The problem is different. Protobuf's unknown field support is useful if you want to forward a message in its entirety, and it allows you to copy an input message even though it has fields unknown to the middleware. The problem arises because at Google, in order to minimize payloads and storage sizes, they almost always create "intermediate" protobufs that are only used by middleware to talk to other middleware.

Example:

The service that manages the web frontend knows that the new checkbox is auth-related and therefore it has to go into the WebServiceAuthRequest PB message, but it doesn't have the new schema of the WebServiceAuthRequest message with the checkbox field, so it can't create a WebServiceAuthRequest message because it doesn't know which numeric ID to use for the value.

The "common wisdom" at Google was that you have to add a new field starting at the leaves (the storage backends) and work your way up to the middleware, then the web frontends and finally the JS code.
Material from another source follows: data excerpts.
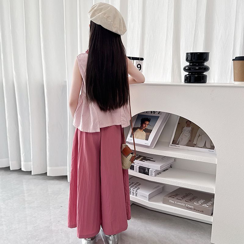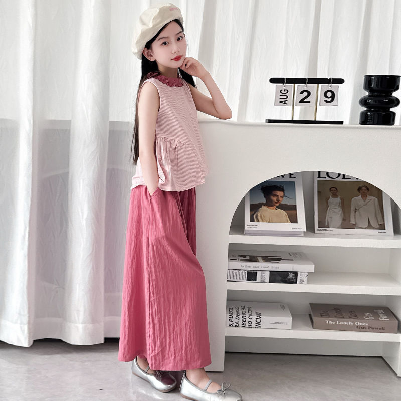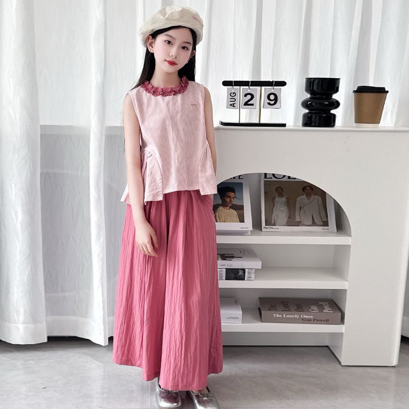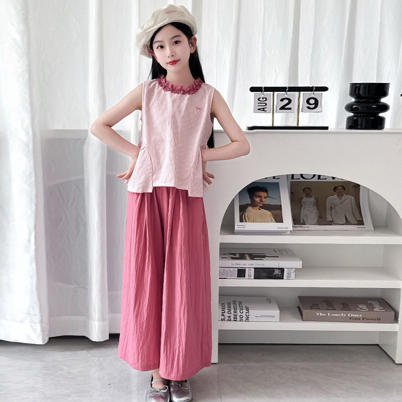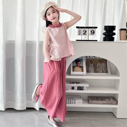 新款小女孩休闲学院风女童夏装两件套洋气韩版无袖拼色运动套装潮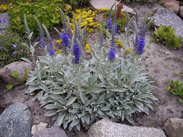 Вероника седая Silberteppich (Зиблертеппих). Травянистое растение, образующие подушковидные кустики. Соцветия многоцветковые, рыхлые, колосовидные. Декоративна до заморозков. Неприхотливое растение. Светолюбивое и влаголюбивое, и в то же время теневыносливое и засухоустойчивое.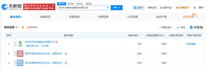 雷达财经讯,天眼查App显示,3月19日,深圳市艾格数字能源科技有限公司成立,法定代表人为柏建国,注册资本1亿人民币,经营范围包括配电开关控制设备研发、输配电及控制设备制造、计算机软硬件及外围设备制造等。股东信息显示,该公司由优优绿能(301590)、深圳市厚启投资合伙企业(有限合伙)、深圳市枫茗投资合伙企业(有限合伙)共同持股。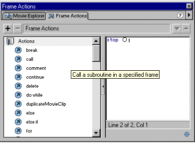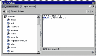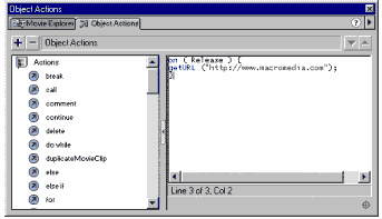 После того как кнопки нарисованы, они должны работать, т.е. в зависимости от действий пользователя вызывать те или иные события. Для этого их надо запрограммировать. Программирование кнопок осуществляется с помощью инспектора Object Actions, вызов которого осуществляется в меню, появляющемся по нажатию на изображение кнопки правой кнопкой мыши (пункт Actions). Добавьте для соответствующей кнопки приведенный выше текст и она будет работать. В подробности программирования пока вникать не будем.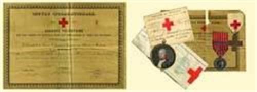 Family Group; Italian Campaign Medal 1859; silver with eagle-mark, original ribbon with bar (1866); Cross 1870-1871 of Société Française de Secours...; bronze, signs of gilding, original ribbon with red cross. With two large awarding documents for ladies 1871 (bad condition because of old age); one identity card, one arm band with red cross (stamped twice, inscription on inside). Miniature picture of a French officer (1859 ?), gouache on ivory in a glassed frame (brass gilt), silver gilt cut out ornate letters on reverse. Excellent vivid potrait in very fine condition!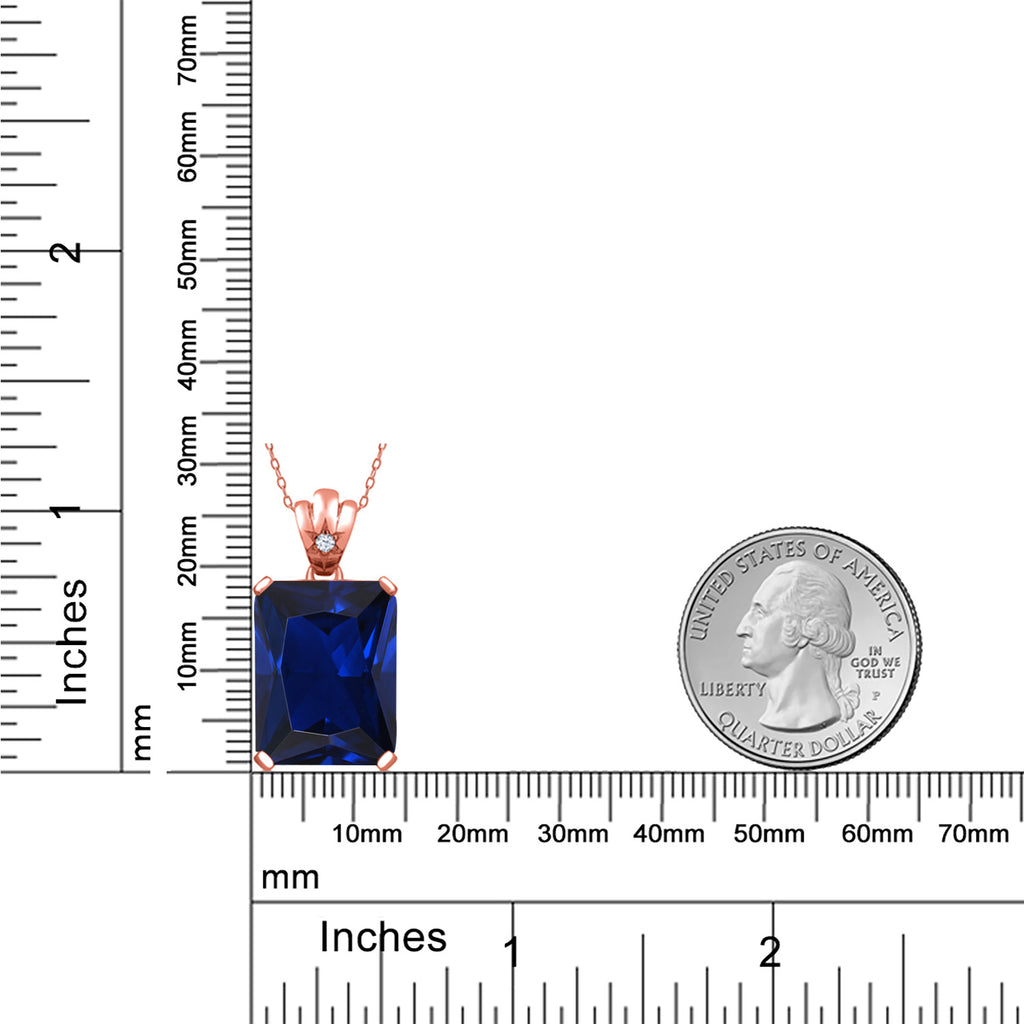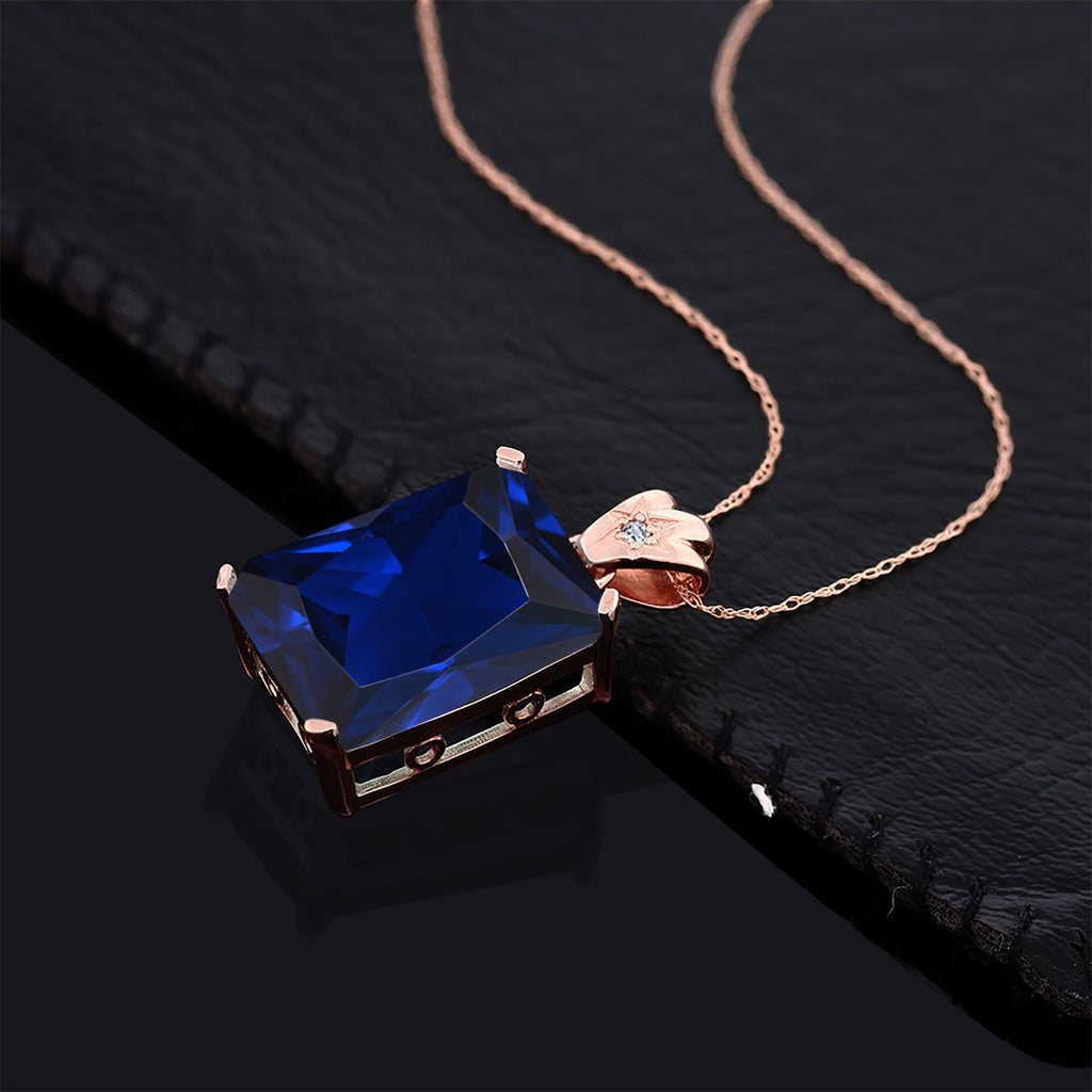 Gemstone Birthstone and White Topaz Pendant Necklace for Women in 18K Rose Gold Plated Silver | Emerald Cut 18X13MM with 1.8MM Accent in Star-Set Bail | 18 Inch Chain | Fine Jewelry for Her Mom Wife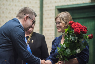 Gdańsk, Filharmonia Bałtycka. Wręczenie Orderu Uśmiechu Annie Czerwińskiej-Rydel (Nz)

And yes, in the worst case it can take two quarters and modifying 20 intermediate services (each with its own ServiceFooRequest protobuf) just to add a new checkbox in the UI.

And in writing this I came up with a way to avoid the problem, but it would require an incompatible change to the PB wire format. Hmmm...

> As it occured to me, gRPC could optionally just serve those .proto files in the initial h2 handshake on the wire

Do you mean the reflection protocol, or some other .proto files?

It does have discovery built in. Is that what you want?
you mean grpc.reflection.v1alpha.ServerReflection? Close enough, sadly not generally enabled.